Elektrikli araç devrimini gerçekleştiren ilk ülkelerden biri Nepal oldu.
Hindistan'la Çin arasındaki Asya ülkesindeki tüm taşıt satışlarının yüzde 76'sını elektrikli araçlar oluşturdu.
5 yıl önce bu oranın sıfıra yaklaştığı düşünülürse ciddi bir ilerleme kaydedilmiş durumda.
Nepal bu oranla yalnızca Norveç, Singapur ve Etiyopya gibi birkaç ülkenin gerisinde.
Konuyu haberleştiren New York Times devlet teşvikleri, su gücüyle elde edilen elektrik enerjisinin fazlalığı ve Çin'in ucuza elektrikli araç satmasının bu değişimde etkili olduğunu vurguladı.
2015'te yaşanan sınır anlaşmazlığı üzerine Hindistan'ın petrol ürünleri satışını kısıtlamasıyla Nepal'in hidroelektrik santrallerine yönelik yatırımlarını artırdığı belirtildi.
Elektrikli araçlara maksimum yüzde 40, petrolle çalışan otomobillere yüzde 180 vergi uygulanması da önemli bir avantaj yarattı.
Hem ülkedeki hava kirliliğini azaltmak isteyen devlet hem de özel sektör 1200'den fazla şarj istasyonu kurdu.

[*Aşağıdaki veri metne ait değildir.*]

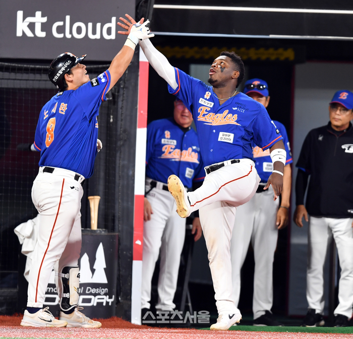 한화 4번타자 노시환이 31일 수원KT위즈파크에서 열린 2024프로야구 KT위즈와 한화이글스의 경기 5회초 선두타자로 나와 좌월 솔로홈런을 터트린 후 홈인하고 있다. 페라자와 자축하는 노시환. 2024.07.31.

BYD başta olmak üzere Çinli elektrik otomobil üreticileri de ucuz fiyatlarına göre kaliteli ürünler sunarak Nepal piyasasını domine etti.
Amerikan gazetesi, Nepal'in başarısının diğer gelişmekte olan ülkelere örnek olabileceğini bildirdi.
Ancak toplu taşımanın elektrik gücüne geçmesinin zor görüldüğü de aktarıldı.
Elektrikli araç sahiplerinin uzun vadeli maliyetlerden çekindiği belirtilirken batarya değişiminin pahalıya mal olduğu hatırlatıldı.
Çin menşeli elektrikli araçlar dünya pazarını domine ediyor.
Çinli BYD firması, Ocak 2024'te Elon Musk'ın Tesla'sını geçerek dünyanın en büyük elektrikli otomobil üreticisi konumuna yükselmişti.
Musk da aynı ay yaptığı açıklamada, "Önlem alınmazsa Çinli şirketler rakiplerini yerle bir edecek" ifadelerini kullanmıştı.
Dönemin ABD Başkanı Joe Biden, Çinli firmaların ürettiği elektrikli araçların ulusal güvenliği tehdit edebileceğini ileri sürmüş, araçlardaki teknolojik sistemlerin veri toplayıp toplamadığının tespit edilmesi için inceleme başlatıldığını duyurmuştu.